§ WORK REQUIRED: Write out the entries exactly, leaving out every picture.

[Records from a data collection]
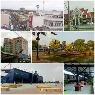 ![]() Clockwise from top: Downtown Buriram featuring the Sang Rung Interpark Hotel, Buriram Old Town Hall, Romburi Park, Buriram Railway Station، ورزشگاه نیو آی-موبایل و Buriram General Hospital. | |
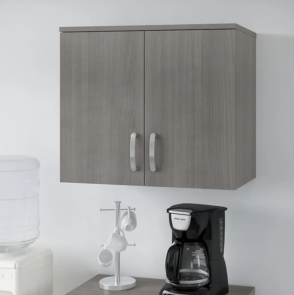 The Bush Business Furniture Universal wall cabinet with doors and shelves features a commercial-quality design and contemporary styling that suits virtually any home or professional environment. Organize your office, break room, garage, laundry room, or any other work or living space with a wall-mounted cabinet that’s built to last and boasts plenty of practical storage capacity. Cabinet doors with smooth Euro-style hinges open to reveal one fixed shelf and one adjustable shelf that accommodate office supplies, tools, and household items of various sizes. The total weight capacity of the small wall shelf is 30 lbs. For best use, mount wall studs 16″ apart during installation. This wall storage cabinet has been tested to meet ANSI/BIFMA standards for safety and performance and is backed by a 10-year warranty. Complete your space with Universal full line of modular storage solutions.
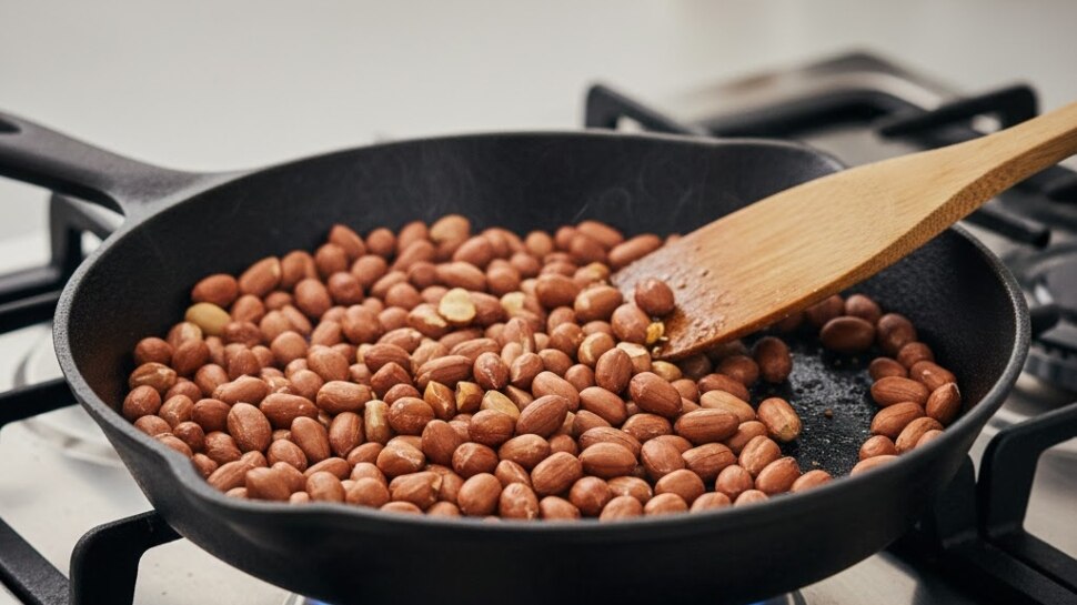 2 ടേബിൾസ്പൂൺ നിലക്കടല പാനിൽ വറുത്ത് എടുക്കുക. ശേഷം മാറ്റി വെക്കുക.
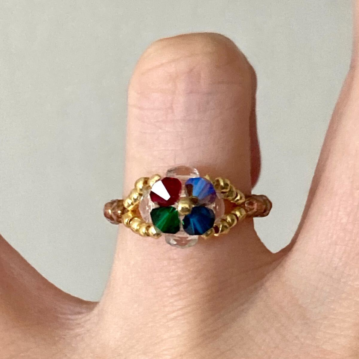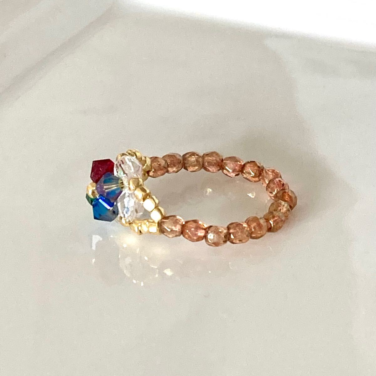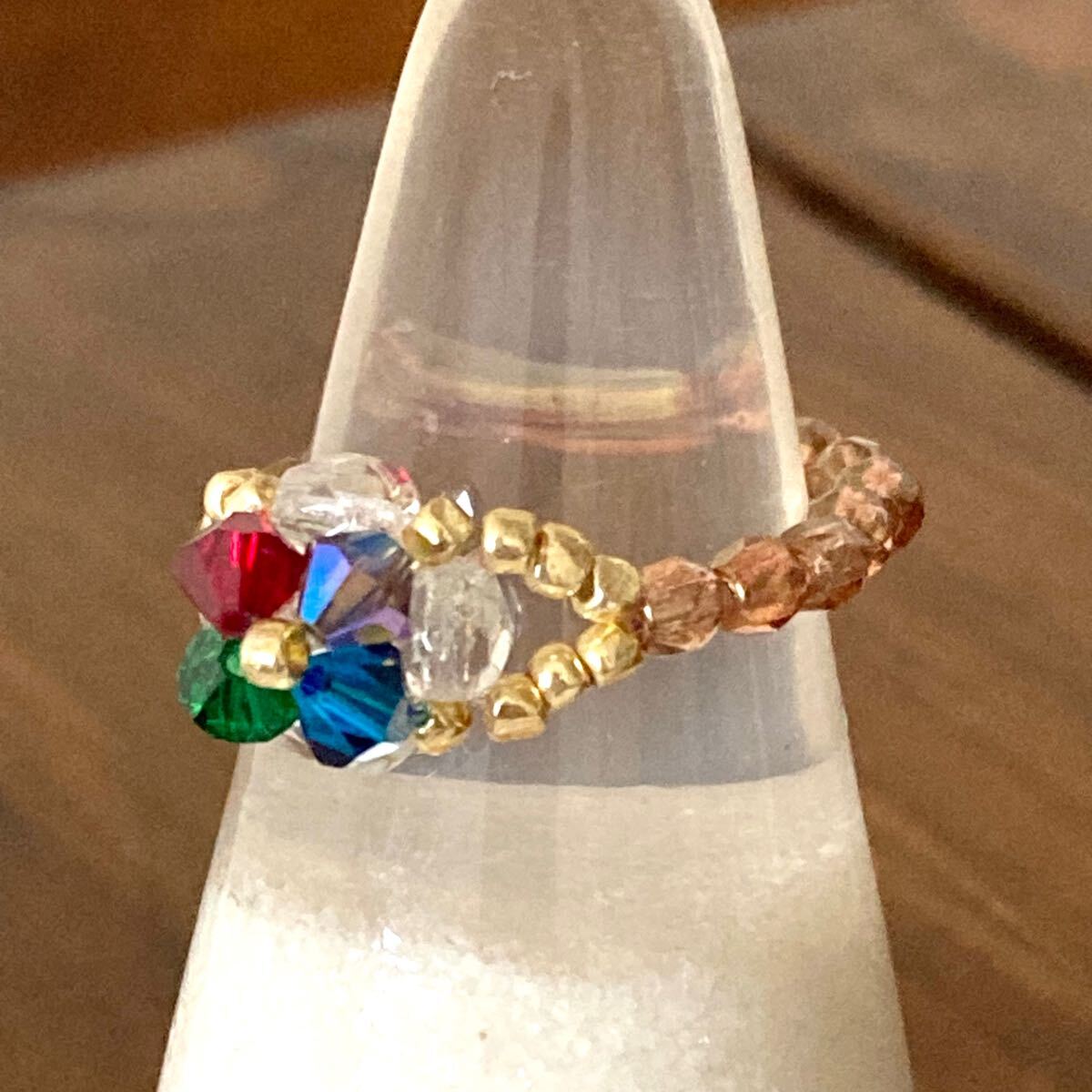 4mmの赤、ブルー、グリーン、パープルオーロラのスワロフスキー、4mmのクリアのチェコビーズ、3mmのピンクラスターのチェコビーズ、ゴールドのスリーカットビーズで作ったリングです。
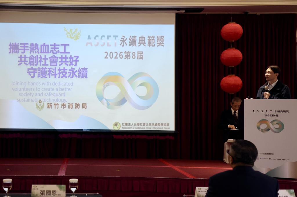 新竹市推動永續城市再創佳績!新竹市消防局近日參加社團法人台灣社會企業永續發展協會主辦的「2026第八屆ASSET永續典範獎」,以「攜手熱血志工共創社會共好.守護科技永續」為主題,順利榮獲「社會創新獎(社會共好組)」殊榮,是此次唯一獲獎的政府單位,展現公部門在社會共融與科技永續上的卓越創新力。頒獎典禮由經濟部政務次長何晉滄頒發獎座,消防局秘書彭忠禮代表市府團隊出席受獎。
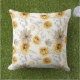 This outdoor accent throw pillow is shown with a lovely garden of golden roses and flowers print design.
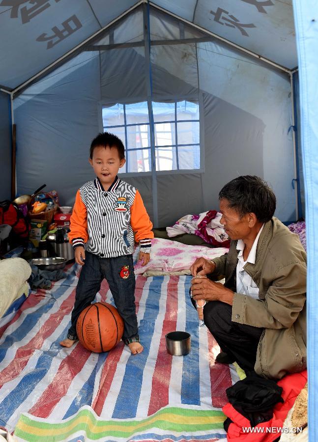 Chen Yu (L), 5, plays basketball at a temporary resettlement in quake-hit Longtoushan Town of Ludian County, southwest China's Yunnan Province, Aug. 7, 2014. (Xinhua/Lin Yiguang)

§ RESULT FOR THIS TASK:
 ![]() Clockwise from top: Downtown Buriram featuring the Sang Rung Interpark Hotel, Buriram Old Town Hall, Romburi Park, Buriram Railway Station، ورزشگاه نیو آی-موبایل و Buriram General Hospital. | |
 The Bush Business Furniture Universal wall cabinet with doors and shelves features a commercial-quality design and contemporary styling that suits virtually any home or professional environment. Organize your office, break room, garage, laundry room, or any other work or living space with a wall-mounted cabinet that’s built to last and boasts plenty of practical storage capacity. Cabinet doors with smooth Euro-style hinges open to reveal one fixed shelf and one adjustable shelf that accommodate office supplies, tools, and household items of various sizes. The total weight capacity of the small wall shelf is 30 lbs. For best use, mount wall studs 16″ apart during installation. This wall storage cabinet has been tested to meet ANSI/BIFMA standards for safety and performance and is backed by a 10-year warranty. Complete your space with Universal full line of modular storage solutions.
 2 ടേബിൾസ്പൂൺ നിലക്കടല പാനിൽ വറുത്ത് എടുക്കുക. ശേഷം മാറ്റി വെക്കുക.
 4mmの赤、ブルー、グリーン、パープルオーロラのスワロフスキー、4mmのクリアのチェコビーズ、3mmのピンクラスターのチェコビーズ、ゴールドのスリーカットビーズで作ったリングです。
 新竹市推動永續城市再創佳績!新竹市消防局近日參加社團法人台灣社會企業永續發展協會主辦的「2026第八屆ASSET永續典範獎」,以「攜手熱血志工共創社會共好.守護科技永續」為主題,順利榮獲「社會創新獎(社會共好組)」殊榮,是此次唯一獲獎的政府單位,展現公部門在社會共融與科技永續上的卓越創新力。頒獎典禮由經濟部政務次長何晉滄頒發獎座,消防局秘書彭忠禮代表市府團隊出席受獎。
 This outdoor accent throw pillow is shown with a lovely garden of golden roses and flowers print design.
 Chen Yu (L), 5, plays basketball at a temporary resettlement in quake-hit Longtoushan Town of Ludian County, southwest China's Yunnan Province, Aug. 7, 2014. (Xinhua/Lin Yiguang)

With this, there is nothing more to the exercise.